* Work task: While copying the entries exactly, leave out each picture they contain.

============================================================

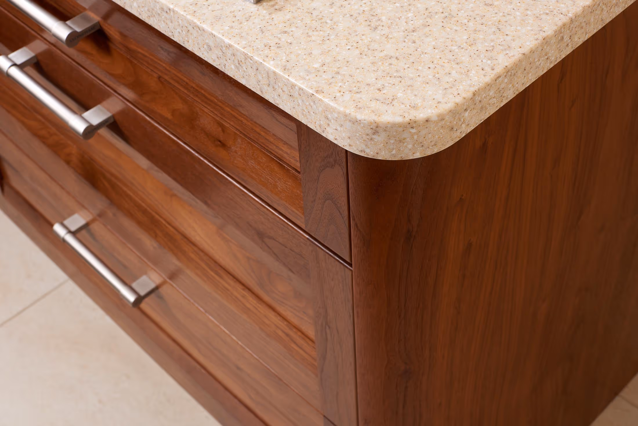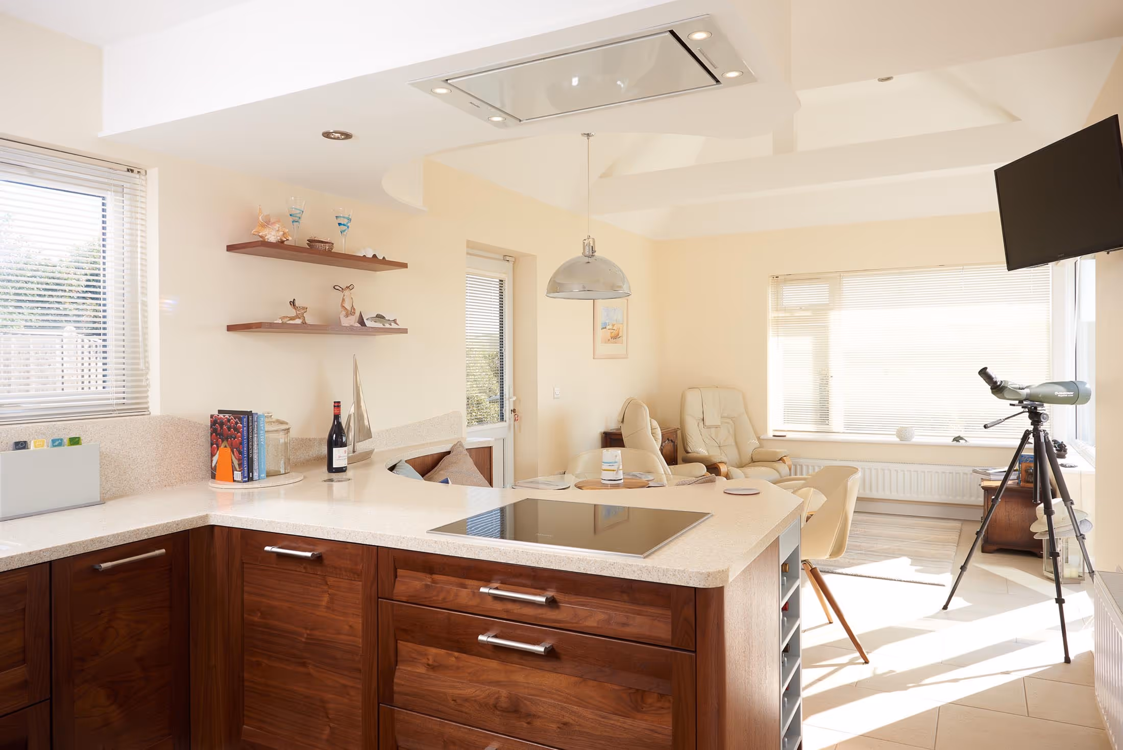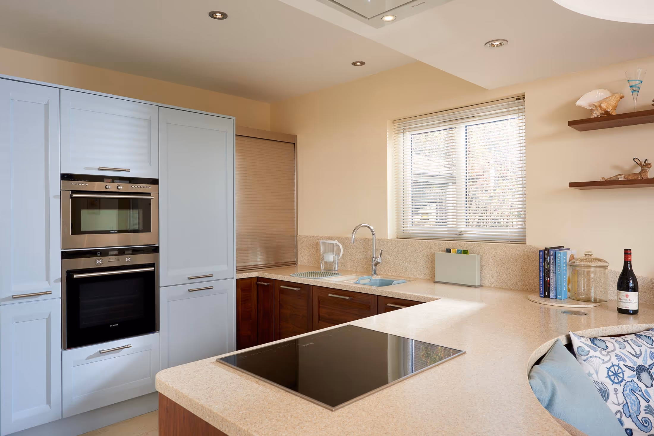The Stoneham units combine their exclusive bevelled shaker style door in Strata Blue Ashes, which links with the beautiful sea views and the complementary American Walnut bringing a natural warmth, including a seamless worktop and curves which softens lines.
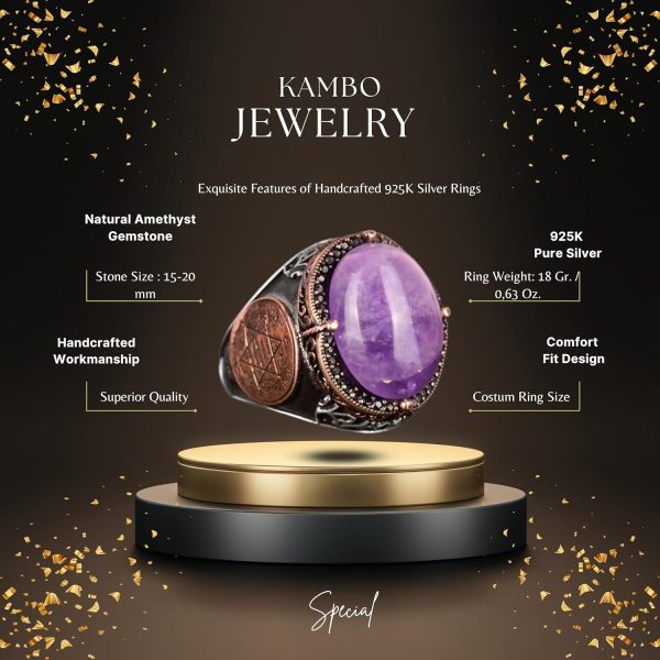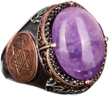 Doğal Ametist Taş Yüzük, Süleyman Mührü Yüzüğü – Spiritüel 925K Solid Sterling Gümüş Erkek Yüzüğü
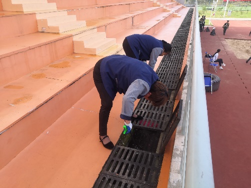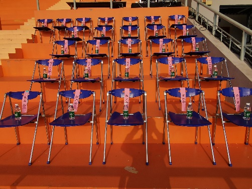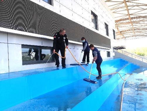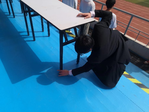 运动会召开前三天,对主席台、观众台的每一个座位、台阶、雨棚进行了全面冲洗、擦拭,同时,将看台区域的窨井盖内部杂物、垃圾也逐一清掏,卫生死角全面覆盖。
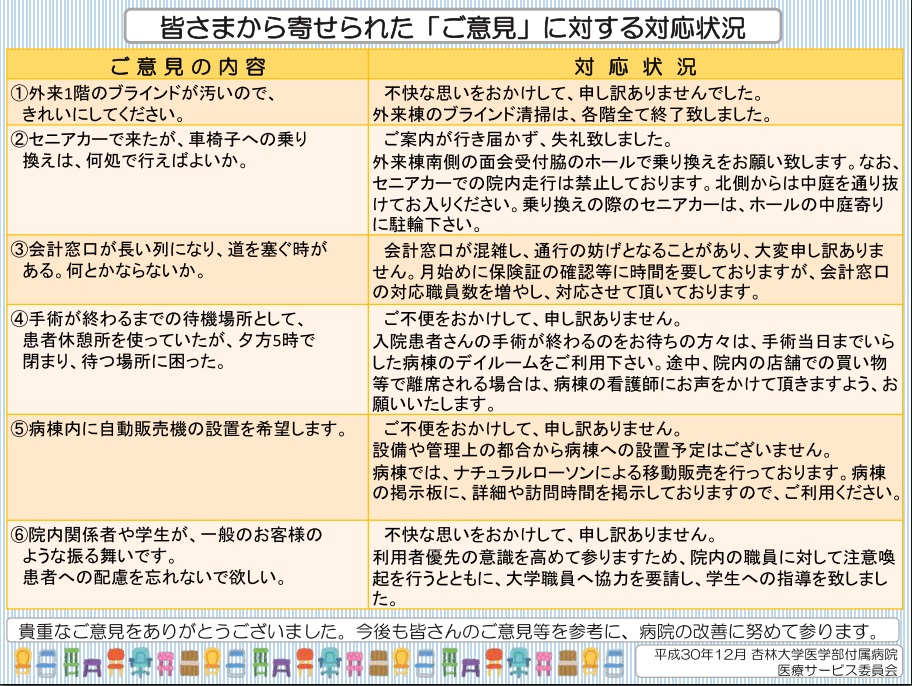 皆さまから寄せられた「ご意見」に対する対応状況 2018 作成日時:2018年12月10日 お知らせ 貴重なご意見をありがとうございました。今後も皆さんのご意見等を参考に、病院の改善に努めて参ります。 杏林大学医学部付属病院 医療サービス委員会 *クリックするとPDFが開きます。 一覧 病院からのお知らせ一覧 講演会・行事等一覧 医療関係者向けのお知らせ一覧
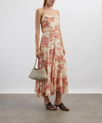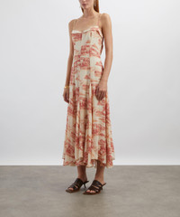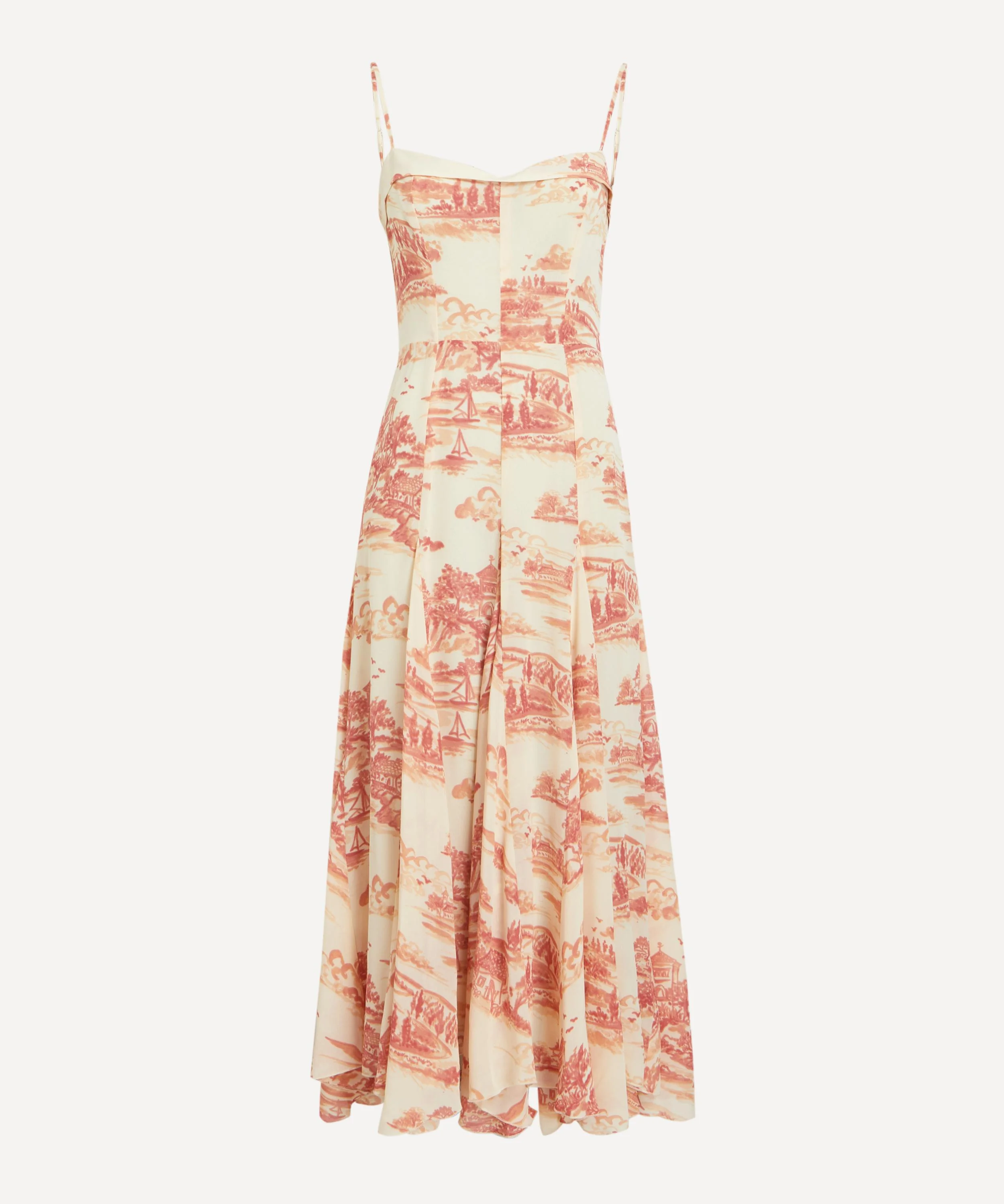 DETAILS Georgette dress Toile de jouy print Midi length Fitted bodice Spaghetti straps Draped sweetheart neckline Open back A-line skirt SIZE & FIT Model is 175cm/5'9"; Chest: 76cm; Waist: 58cm; Hip: 90cm and wears a size S COMPOSITION & CARE 100% Viscose Dry clean
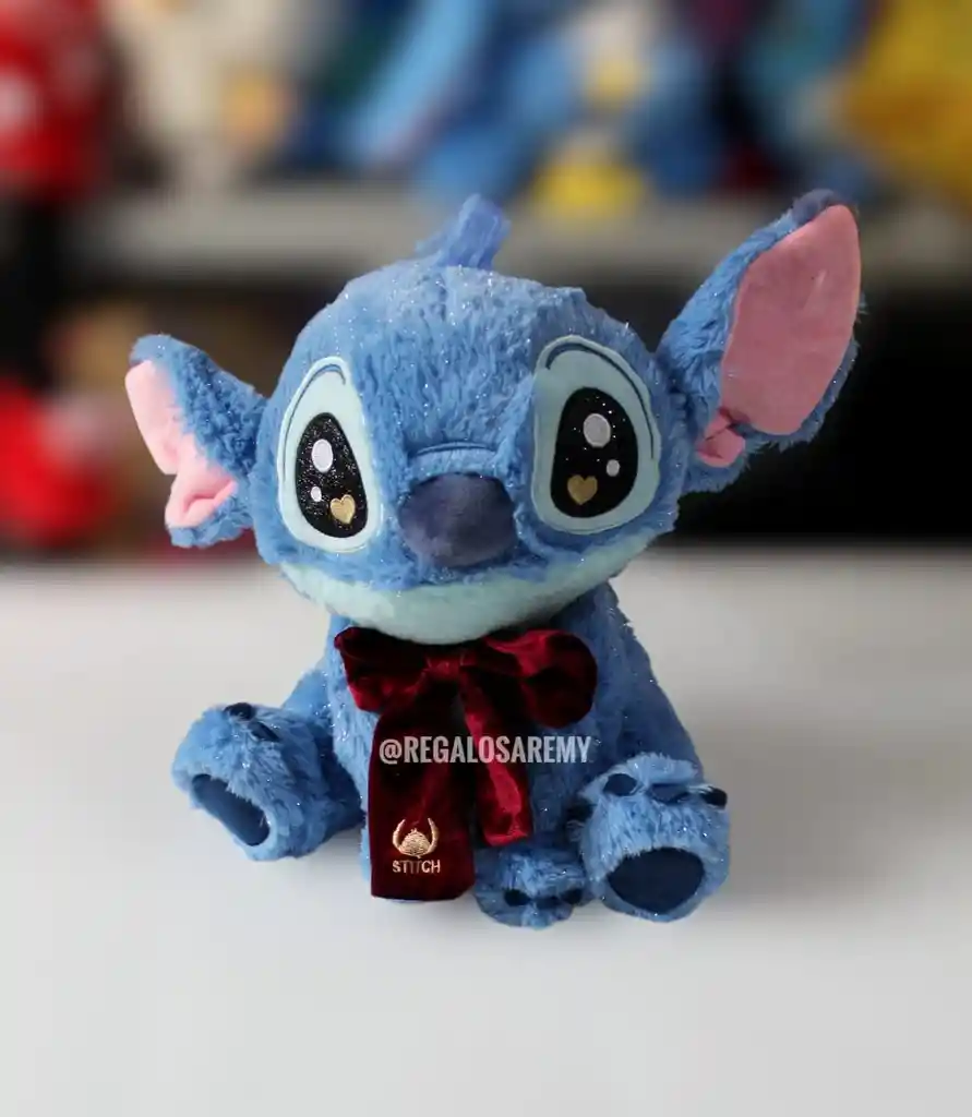 Incluye bolsa de regalo y moño Tierno peluche de Stitch con elegante corbatín color vinotinto. 📏 Tamaño aproximado: 30 cm de alto, largo 47cm, ancho: 36cm Perfecto para regalos de cumpleaños, aniversarios o detalles románticos.
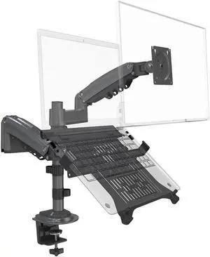 SHOPPINGALL Dual Gas Spring 2 in1 Monitor & Laptop OR Double Monitors Mount Stand with 2 Swing Arms for 15"-32" Monitors, Both Desk Clamp and Grommet Mounting Options in The Box - SA-LH08-Black

============================================================

* Expected output:
The Stoneham units combine their exclusive bevelled shaker style door in Strata Blue Ashes, which links with the beautiful sea views and the complementary American Walnut bringing a natural warmth, including a seamless worktop and curves which softens lines.
 Doğal Ametist Taş Yüzük, Süleyman Mührü Yüzüğü – Spiritüel 925K Solid Sterling Gümüş Erkek Yüzüğü
 运动会召开前三天,对主席台、观众台的每一个座位、台阶、雨棚进行了全面冲洗、擦拭,同时,将看台区域的窨井盖内部杂物、垃圾也逐一清掏,卫生死角全面覆盖。
 皆さまから寄せられた「ご意見」に対する対応状況 2018 作成日時:2018年12月10日 お知らせ 貴重なご意見をありがとうございました。今後も皆さんのご意見等を参考に、病院の改善に努めて参ります。 杏林大学医学部付属病院 医療サービス委員会 *クリックするとPDFが開きます。 一覧 病院からのお知らせ一覧 講演会・行事等一覧 医療関係者向けのお知らせ一覧
 DETAILS Georgette dress Toile de jouy print Midi length Fitted bodice Spaghetti straps Draped sweetheart neckline Open back A-line skirt SIZE & FIT Model is 175cm/5'9"; Chest: 76cm; Waist: 58cm; Hip: 90cm and wears a size S COMPOSITION & CARE 100% Viscose Dry clean
 Incluye bolsa de regalo y moño Tierno peluche de Stitch con elegante corbatín color vinotinto. 📏 Tamaño aproximado: 30 cm de alto, largo 47cm, ancho: 36cm Perfecto para regalos de cumpleaños, aniversarios o detalles románticos.
 SHOPPINGALL Dual Gas Spring 2 in1 Monitor & Laptop OR Double Monitors Mount Stand with 2 Swing Arms for 15"-32" Monitors, Both Desk Clamp and Grommet Mounting Options in The Box - SA-LH08-Black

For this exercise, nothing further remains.